Scott Varilek works at Kooima & Kaemingk Commodities in Sioux Center, Iowa, as a commodity broker. Varilek assists his customers in placing trade orders based on a risk management strategy and a price that is suitable for that particular producer.

How do you go about purchasing cattle futures?

On the CME Globex electronic trading platform, live and feeder cattle futures and options are traded. Cattle options are also available on the trading floor via open outcry. Feeder Cattle contracts are cash-settled, whereas Live Cattle contracts are physically delivered.

Where does the price of livestock futures come from?

In a futures market, the price is determined by the interaction between supply (sellers’ offers) and demand (buyers’ bids). Many of these bids and offers come from players in the cash market.

What does a live cattle futures contract cost?

Contract parameters for live cattle futures. $10.00 per contract, $0.025/cwt (0.025 cents per pound). Monday, 9:30 a.m. U.S. ET to 2:05 p.m. U.S. ET, live cattle futures trade electronically on the Globex trading platform.

What is the price of a feeder cattle contract?

Feeder cattle futures contracts are valued $12.50 per contract and have a specification of 0.025/cwt (0.025 cents per pound). Feeder cattle futures are traded electronically on the Globex platform from 9:30 a.m. to 2:05 p.m. ET on Monday.

Feeder cattle are more expensive than live cattle for what reason?
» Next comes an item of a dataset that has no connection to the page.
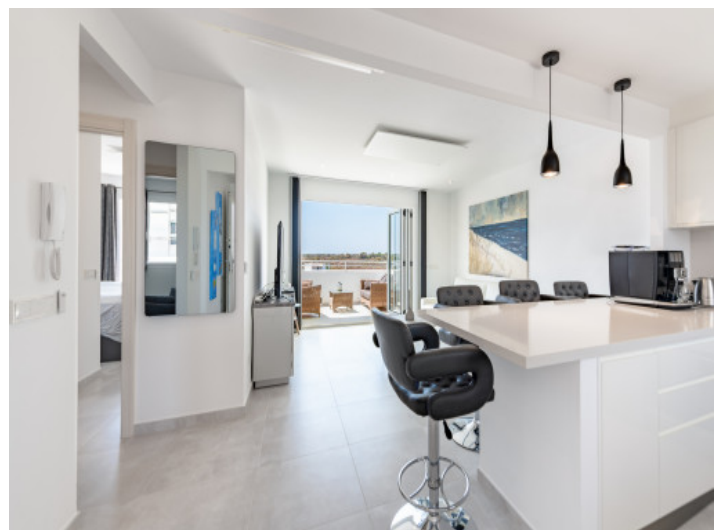
Blick von der Küche in den Wohnbereich

Alle Angaben nach bestem Wissen. Irrtum und Zwischenverkauf vorbehalten. Dieses Exposé ist eine Vorinformation, als Rechtsgrundlage gilt allein der notariell abgeschlossene Kaufvertrag.
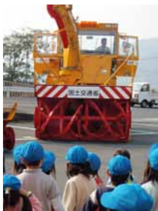
ロータリー除雪車を見学

Feeder cattle and live cattle are the two sorts of cattle that are traded by livestock traders. The stage of the production cycle distinguishes these two commodities.

Weaned calves weighing between 600 and 800 pounds are considered feeder cattle. Feeder cattle are then placed in a feedlot and fed a high-energy feed diet consisting primarily of corn and other grains. Feeder cattle require more than 500 pounds of gain before reaching slaughter weights, therefore corn prices have a significant impact on feeder cattle pricing.

On the other hand, live cattle are ‘finished’ products that are ready to be sold to slaughterhouses.

How do I go about investing in cattle?

The cattle are moved to the farm management partner farms after they have been acquired. The animals will receive round-the-clock care and supervision from highly trained farm staff as well as a veterinarian.

  • On an average of 107.369 sq.ft. (10.000 m2) of land, just one or two animals graze.
  • Animals are kept on open fields all year and gain up to 1.65 pounds (0.75 kilogram) per day from natural grazing.

Why are the prices of feeder cattle falling?

Between March and July, the feeder cattle market saw a large level of price volatility. Retail meat demand has been historically strong, and meat exports to China have pushed prices up. While there have been some favorable price moves for feeder cattle, the most of the downward price pressure has been due to fodder production uncertainties and rising grain costs. Drought conditions in the Western United States have forced feeder cattle and cull cows to come to market earlier, and increased grain prices have prompted a run-up in grain prices due to poor stocks-to-use ratios and declining global maize production, diminishing a feedlot’s demand for feeder cattle. Feeder cattle prices can be lowered by increasing the supply of feeder cattle from producers and decreasing the demand for feeder cattle from feedlots.